America today sees government as the final law. It sees God’s law as subordinate to the government. It sees the federal government “grant” religious freedom rather than recognizing it as a fact, thereby making itself lord over Christ’s church. Just as bad, America sees sin as liberty. It celebrates sexual sin and demands that the Lord’s church celebrate with it. All of these things are predictable consequences of the rejection of the Lord. At root remember: politics is always a consequence of one’s theology.
Man, being created by God and for worship of Him, is hopelessly religious. In his rebellion, he creates false religions rather than turn to Christ for forgiveness. This makes sense of our insatiable desire to turn politics into religion. R.J. Rushdoony said, “Man seeks the perfect social order, but his search has a double halter on it. First, man the sinner wants a just world and perfect righteousness without the necessity of repentance and regeneration on his part. Every man wants a perfect and completely faithful wife, but not every man is ready to be a godly and faithful husband. The expectation of justice and perfection is imposed upon the social order: it is not required of one’s self.”
John Adams was concerned that one former client of his, a horse-jockey, encouraged revolution because it caused legal confusion. Men like the horse-jockey wanted anarchy so they would be “free” from law but Adams knew that anarchy was a worse slavery than tyranny. He said, “If the power of the country should get into such hands, and there is a great danger that it will, to what purpose have we sacrificed our time, health, and everything else? Surely we must guard against this spirit and these principles, or we shall repent of all our conduct.”Adams knew, you see, that both obedience and disobedience had to be grounded in God’s law for only it could bring real freedom.
It’s as if Adams foresaw the danger of a godless generation decrying the sins of slavery from generations past while running breathlessly into the sinister embrace of socialism, a far greater and more destructive slavery than ever devised by man. It was socialism that enslaved and murdered over 100 million people in just the last century. What form of tyranny has a more comprehensive list of bloodshed than that?

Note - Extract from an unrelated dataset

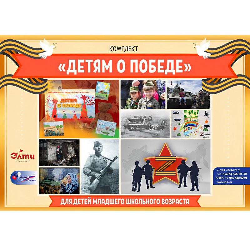 Первый модуль информационно-дидактического комплекта "Детям о Победе" рассчитан на детей старшего дошкольного возраста. Целью дошкольного модуля комплекта "Детям о Победе" является воспитание уважительного отношения к Родине, уважения и гордости за поступки героев Отечества и уважения к памяти павших бойцов, развитие потребности в служении и верности интересам страны через ознакомление с подвигом людей в Великой Отечественной войне.

Outside of God’s law we have only the twin terrors of tyranny and anarchy waiting. Sin is a deceiver. It tricks the foolish into captivity and death. America, as she celebrates the blessings passed down by wise, though sinful and imperfect men, must reclaim the truth that we are slaves to sin. This slavery, unless we repent, will destroy us. But if we turn to Christ in faith, casting ourselves humbly before Him, He will forgive us, restore us, and wash us clean.
Then we will be free.
Only then. And then, in Christ, our salvation is our July 4th and our jubilee.